INPUT MATERIAL:
________________________________________

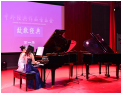 郑佳同学和林瑶同学四手联弹的《暴怒》,其形式新颖活泼、清新明快,节奏跌宕起伏、具有强烈的时代感和冲击感。还有由王艺霖同学,徐诗茼同学带来的四手联弹日本游戏组曲《最终幻想》,节奏轻快,旋律时而活泼跳跃,时而婉转动听。
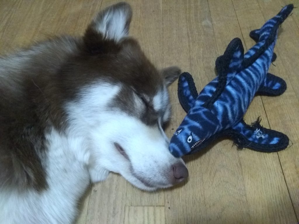Suki was sleeping and a land shark came up and bit her in the nose. When later asked about the shark attack Suki said, “No big woof!”. No stuffed land sharks where harmed during the production of this article. Suki did bite on the shark later however.
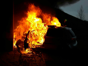 K hořícímu autu na dálnici D35 u Olomouce-Slavonína vyjížděli olomoučtí hasiči dnes těsně před osmou hodinou ranní. Auto hořelo v motorové části.
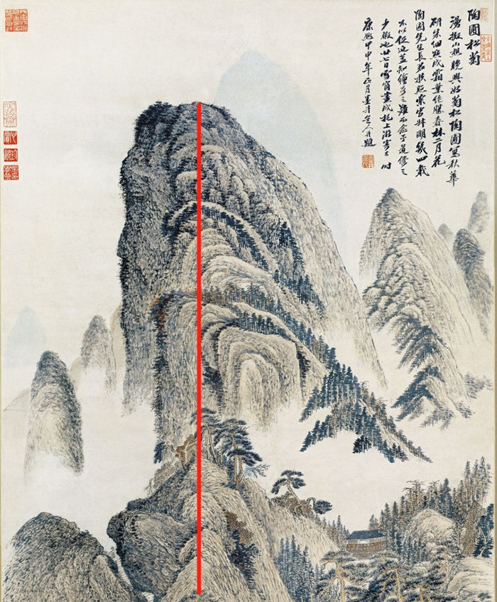 吳歷獨創的“陽面皴”,表現出陰陽向背的關系,如圖沿紅線分割
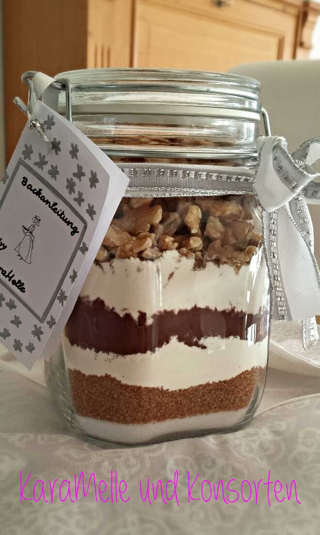 Backmischung im Glas, Brownies, Brownies-Backmischung, Geschenk, Kuchen aus dem Glas, Kuchenglas
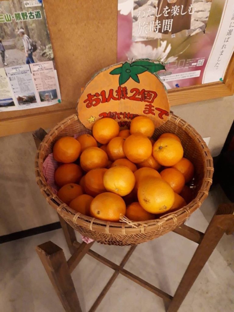 フロント横には、みかんの搾りたてを自分で作って飲むことができます![]()
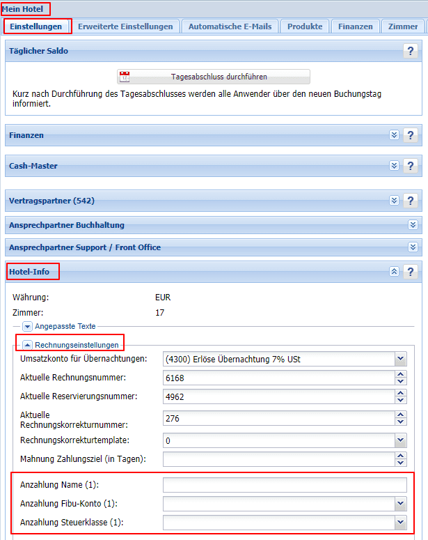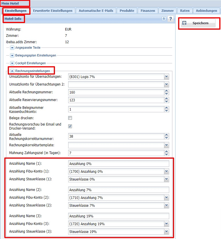 - Mein Hotel / Einstellungen / Hotel Info / Rechnungseinstellungen
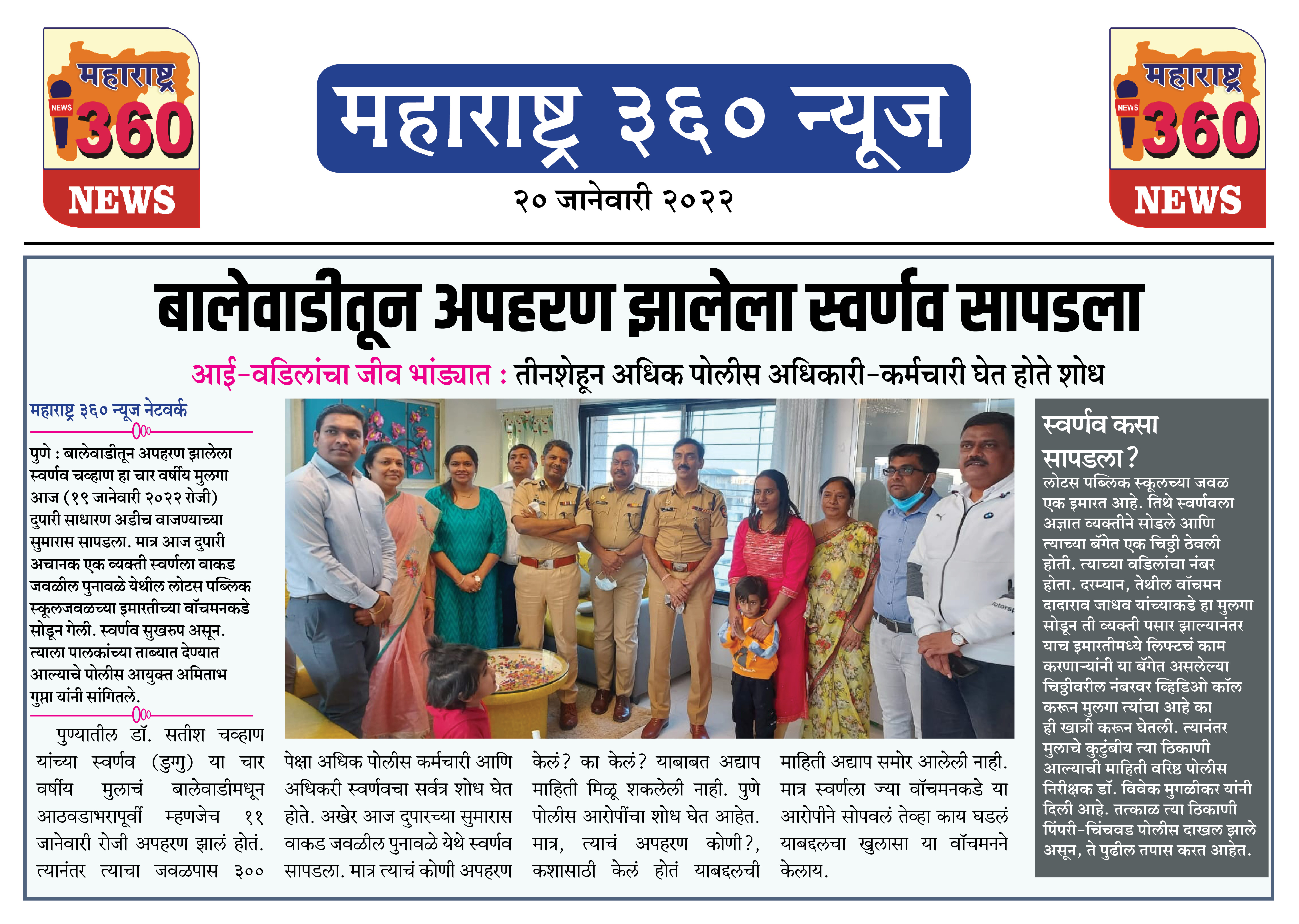 पुणे : बालेवाडीतून अपहरण झालेला स्वर्णव चव्हाण हा चार वर्षीय मुलगा आज (१९ जानेवारी २०२२ रोजी) दुपारी साधारण अडीच वाजण्याच्या सुमारास सापडला. मात्र आज दुपारी अचानक एक व्यक्ती स्वर्णला वाकड जवळील पुनावळे येथील लोटस पब्लिक स्कूलजवळच्या इमारतीच्या वॉचमनकडे सोडून गेली. स्वर्णव सुखरुप असून. त्याला पालकांच्या ताब्यात देण्यात आल्याचे पोलीस आयुक्त अमिताभ गुप्ता यांनी सांगितले.

________________________________________

ACTIVITY:
Output exactly the lines above, from the line with "dem Glas, Kuchenglas" to the line with "- Mein Hotel", both included; skip the pictures.

TASK SOLUTION:
 Backmischung im Glas, Brownies, Brownies-Backmischung, Geschenk, Kuchen aus dem Glas, Kuchenglas
 フロント横には、みかんの搾りたてを自分で作って飲むことができます![]()
 - Mein Hotel / Einstellungen / Hotel Info / Rechnungseinstellungen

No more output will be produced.